Extracted data entries
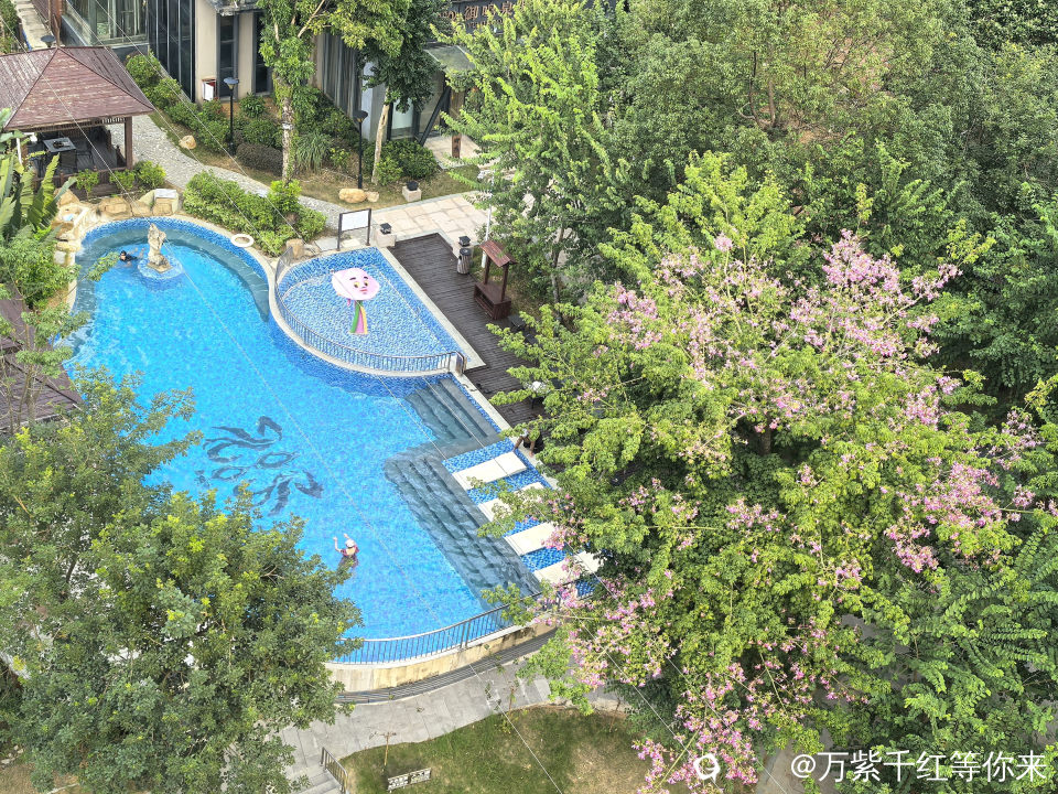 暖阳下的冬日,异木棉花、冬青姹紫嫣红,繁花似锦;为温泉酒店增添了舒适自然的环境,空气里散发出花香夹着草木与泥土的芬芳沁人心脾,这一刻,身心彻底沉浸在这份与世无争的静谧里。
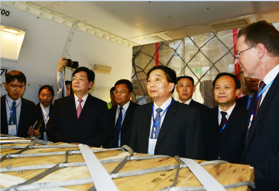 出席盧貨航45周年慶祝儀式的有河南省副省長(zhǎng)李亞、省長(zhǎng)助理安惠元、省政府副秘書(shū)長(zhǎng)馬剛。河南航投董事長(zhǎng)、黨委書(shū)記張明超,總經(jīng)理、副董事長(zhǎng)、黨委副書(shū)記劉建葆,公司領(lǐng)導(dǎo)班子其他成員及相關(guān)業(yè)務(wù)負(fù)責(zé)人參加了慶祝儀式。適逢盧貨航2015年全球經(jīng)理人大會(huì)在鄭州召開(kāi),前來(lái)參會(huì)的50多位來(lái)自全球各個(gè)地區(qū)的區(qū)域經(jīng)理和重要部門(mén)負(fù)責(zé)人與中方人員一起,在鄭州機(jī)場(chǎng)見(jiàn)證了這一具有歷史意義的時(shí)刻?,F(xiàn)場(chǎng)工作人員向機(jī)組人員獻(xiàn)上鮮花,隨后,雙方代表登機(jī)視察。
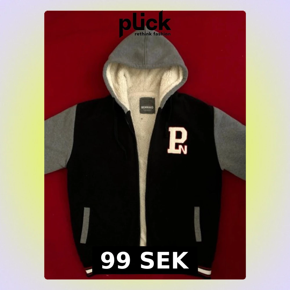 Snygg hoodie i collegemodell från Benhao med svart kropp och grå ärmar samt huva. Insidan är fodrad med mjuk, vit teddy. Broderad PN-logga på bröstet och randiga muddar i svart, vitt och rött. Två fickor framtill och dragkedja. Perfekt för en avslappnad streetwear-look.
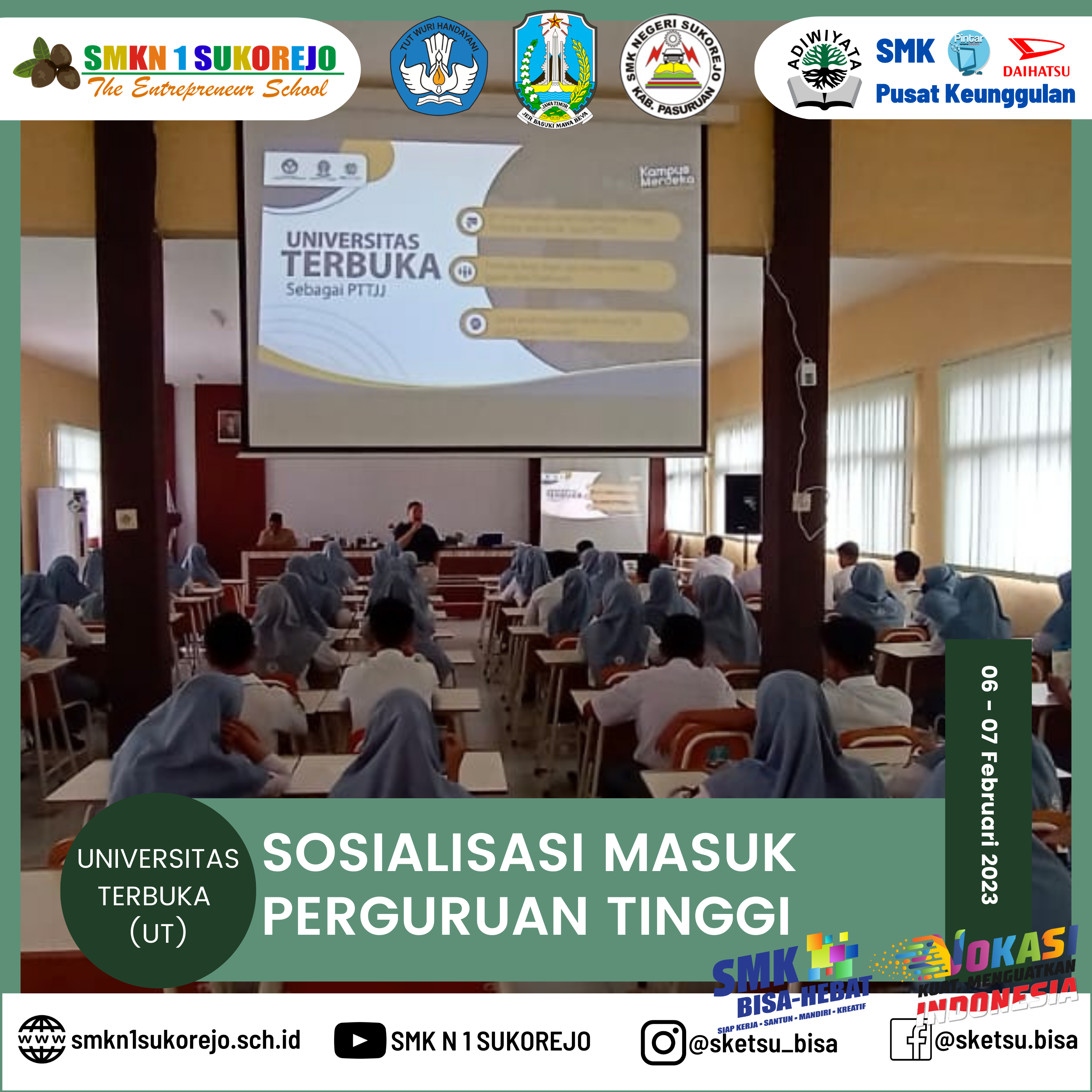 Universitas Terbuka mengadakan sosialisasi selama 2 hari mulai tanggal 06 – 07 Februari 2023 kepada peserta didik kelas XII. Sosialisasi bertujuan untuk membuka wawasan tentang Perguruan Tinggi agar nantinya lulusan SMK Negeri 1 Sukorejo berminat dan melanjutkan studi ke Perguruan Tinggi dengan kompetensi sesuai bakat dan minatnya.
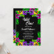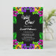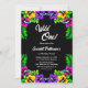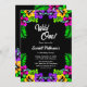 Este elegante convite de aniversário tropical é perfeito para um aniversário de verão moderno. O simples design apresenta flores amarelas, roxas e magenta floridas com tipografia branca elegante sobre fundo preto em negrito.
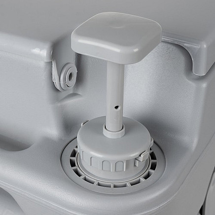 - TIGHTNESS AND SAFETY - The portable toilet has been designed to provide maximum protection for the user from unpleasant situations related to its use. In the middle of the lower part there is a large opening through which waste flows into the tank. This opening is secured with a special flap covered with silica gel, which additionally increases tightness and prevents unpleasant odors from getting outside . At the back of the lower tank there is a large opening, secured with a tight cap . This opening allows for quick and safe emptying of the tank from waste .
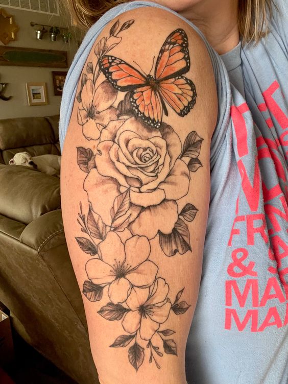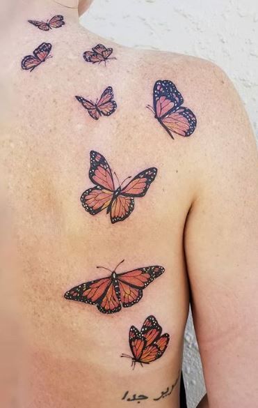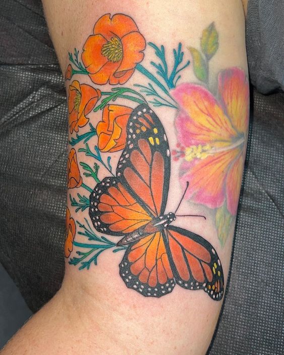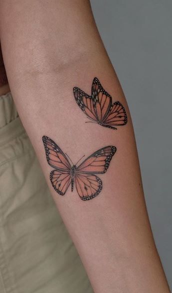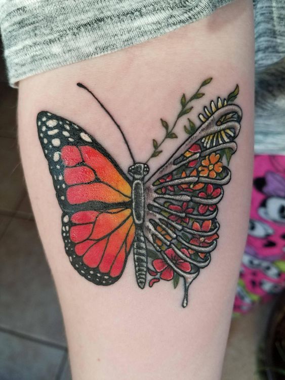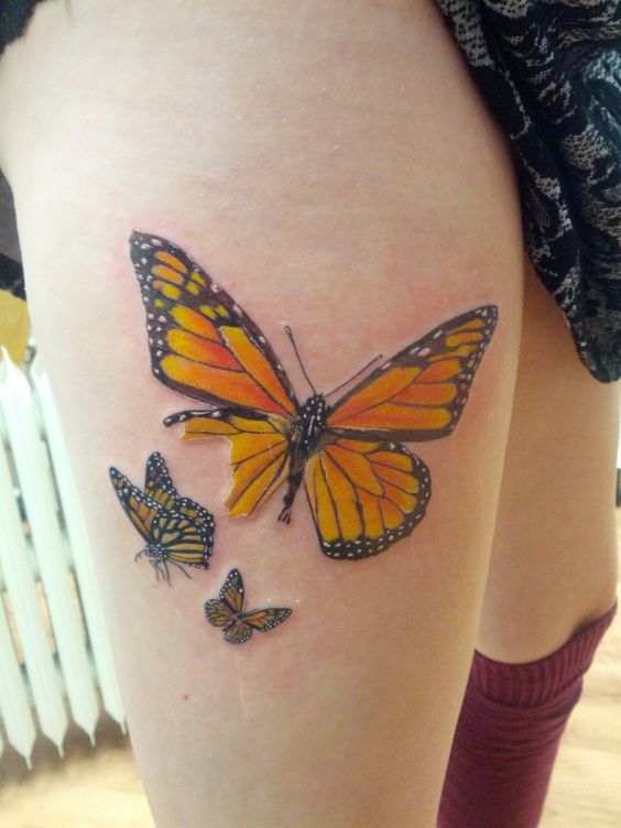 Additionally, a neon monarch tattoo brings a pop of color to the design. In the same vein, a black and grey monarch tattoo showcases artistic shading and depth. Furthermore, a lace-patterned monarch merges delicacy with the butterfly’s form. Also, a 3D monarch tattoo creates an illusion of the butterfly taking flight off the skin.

_Problem to solve:_
Repeat all of the entries above word for word and omit the pictures.

_Result:_
 暖阳下的冬日,异木棉花、冬青姹紫嫣红,繁花似锦;为温泉酒店增添了舒适自然的环境,空气里散发出花香夹着草木与泥土的芬芳沁人心脾,这一刻,身心彻底沉浸在这份与世无争的静谧里。
 出席盧貨航45周年慶祝儀式的有河南省副省長(zhǎng)李亞、省長(zhǎng)助理安惠元、省政府副秘書(shū)長(zhǎng)馬剛。河南航投董事長(zhǎng)、黨委書(shū)記張明超,總經(jīng)理、副董事長(zhǎng)、黨委副書(shū)記劉建葆,公司領(lǐng)導(dǎo)班子其他成員及相關(guān)業(yè)務(wù)負(fù)責(zé)人參加了慶祝儀式。適逢盧貨航2015年全球經(jīng)理人大會(huì)在鄭州召開(kāi),前來(lái)參會(huì)的50多位來(lái)自全球各個(gè)地區(qū)的區(qū)域經(jīng)理和重要部門(mén)負(fù)責(zé)人與中方人員一起,在鄭州機(jī)場(chǎng)見(jiàn)證了這一具有歷史意義的時(shí)刻?,F(xiàn)場(chǎng)工作人員向機(jī)組人員獻(xiàn)上鮮花,隨后,雙方代表登機(jī)視察。
 Snygg hoodie i collegemodell från Benhao med svart kropp och grå ärmar samt huva. Insidan är fodrad med mjuk, vit teddy. Broderad PN-logga på bröstet och randiga muddar i svart, vitt och rött. Två fickor framtill och dragkedja. Perfekt för en avslappnad streetwear-look.
 Universitas Terbuka mengadakan sosialisasi selama 2 hari mulai tanggal 06 – 07 Februari 2023 kepada peserta didik kelas XII. Sosialisasi bertujuan untuk membuka wawasan tentang Perguruan Tinggi agar nantinya lulusan SMK Negeri 1 Sukorejo berminat dan melanjutkan studi ke Perguruan Tinggi dengan kompetensi sesuai bakat dan minatnya.
 Este elegante convite de aniversário tropical é perfeito para um aniversário de verão moderno. O simples design apresenta flores amarelas, roxas e magenta floridas com tipografia branca elegante sobre fundo preto em negrito.
 - TIGHTNESS AND SAFETY - The portable toilet has been designed to provide maximum protection for the user from unpleasant situations related to its use. In the middle of the lower part there is a large opening through which waste flows into the tank. This opening is secured with a special flap covered with silica gel, which additionally increases tightness and prevents unpleasant odors from getting outside . At the back of the lower tank there is a large opening, secured with a tight cap . This opening allows for quick and safe emptying of the tank from waste .
 Additionally, a neon monarch tattoo brings a pop of color to the design. In the same vein, a black and grey monarch tattoo showcases artistic shading and depth. Furthermore, a lace-patterned monarch merges delicacy with the butterfly’s form. Also, a 3D monarch tattoo creates an illusion of the butterfly taking flight off the skin.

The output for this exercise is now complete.